Some people refer to E(K1,D(K2,E(K1,x))) as triple-DES.
This method is defined in chapter 7.2 of the ANSI standard X9.17-1985
``Financial Institution Key Management'' and is intended for use in
encrypting DES keys and IVs for ``Automated Key Distribution''. Its
formal name is ``Encryption and Decryption of a Single Key by a Key
Pair'', but it is referenced in other standards documents as EDE.

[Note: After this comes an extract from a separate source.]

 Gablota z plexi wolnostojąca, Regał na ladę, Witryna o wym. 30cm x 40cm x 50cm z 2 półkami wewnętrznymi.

That standard says (section 7.2.1): ``Key encrypting keys may be a single
DEA key or a DEA key pair. Key pairs shoud be used where additional
security is needed (e.g., the data protected by the key(s) has a long
security life). A key pair shall not be encrypted or decrypted using a
single key.''
Others use the term ``triple-DES'' for E(K1,D(K2,E(K3,x))) or
E(K1,E(K2,E(K3,x))).
Carl Ellison advocates triple DES use in the form
E(K1, Tran( E(K2, Tran( E(K3, Compress( x )))))),
where each DES instance has its own key and IV (for CBC mode) and Tran
is a large-block transposition program. Tran is available from [FTPTR].

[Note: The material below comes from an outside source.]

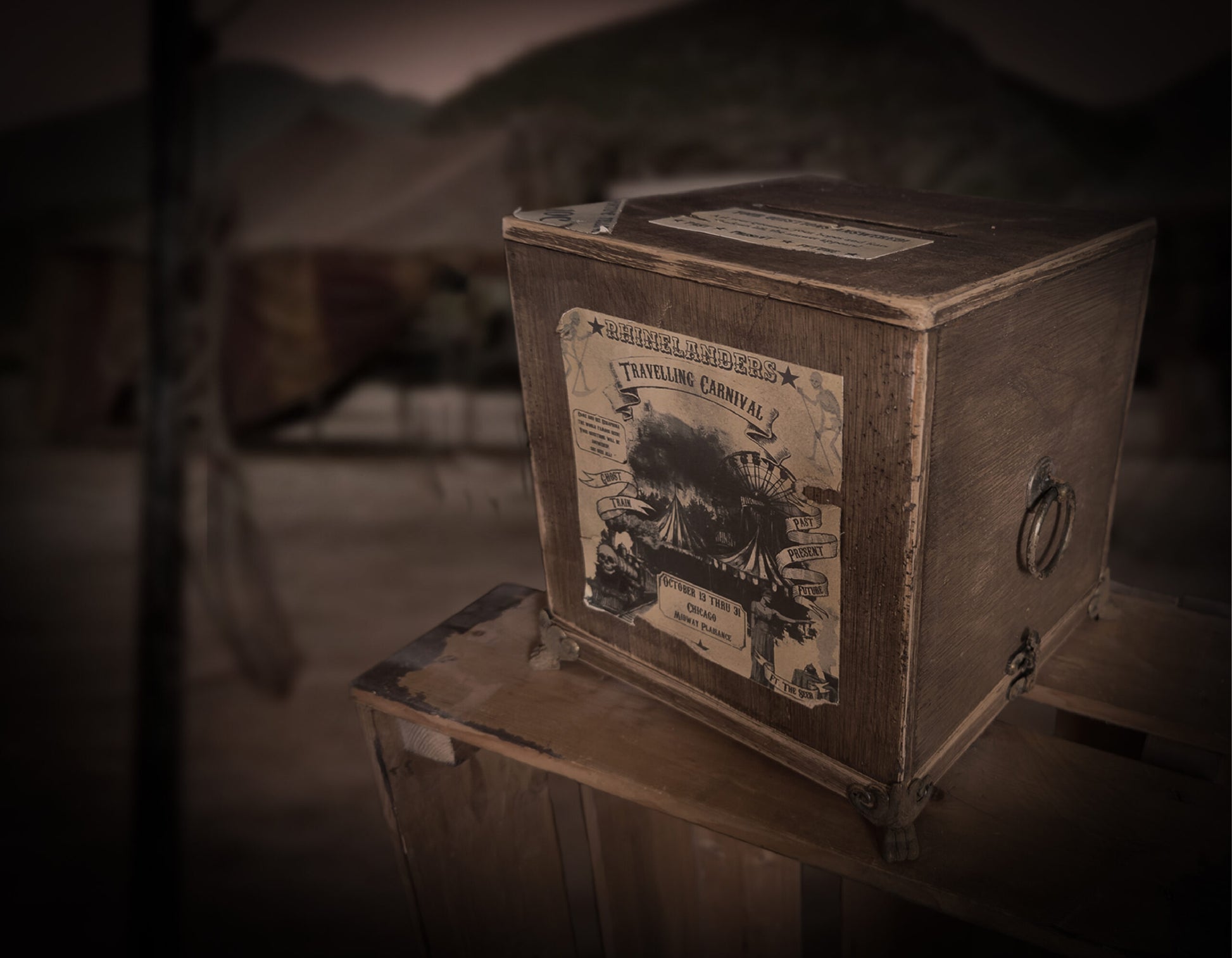 The box is aged with the utmost attention to detail ensuring it passes for an artefact from the era.

5.9. What is differential cryptanalysis?
Differential cryptanalysis is a statistical attack that can be
applied to any iterated mapping (i.e., any mapping which is based on
a repeated round function). The method was recently popularized by
Biham and Shamir [BIH91], but Coppersmith has remarked that the
S-boxes of DES were optimized against this attack some 20 years ago.
This method has proved effective against several product ciphers,
notably FEAL [BI91a].
Differential cryptanalysis is based on observing a large number of
ciphertexts Y, Y' whose corresponding plaintexts X, X' satisfy a
known difference D = X+X', where + is componentwise XOR. In the
basic Biham-Shamir attack, 2^{47} such plaintext pairs are required
to determine the key for DES. Substantially fewer pairs are required
if DES is truncated to 6 or 8 rounds. In these cases, the actual key
can be recovered in a matter of minutes using a few thousand pairs.
For full DES this attack is impractical because it requires so many
known plaintexts.
The work of Biham and Shamir on DES revealed several startling
observations on the algorithm. Most importantly, if the key
schedule was removed from DES and a 16*48 = 768-bit key was used,
the key could be recovered in less than 2^{64} steps. Thus
independent subkeys do not add substantial security to DES.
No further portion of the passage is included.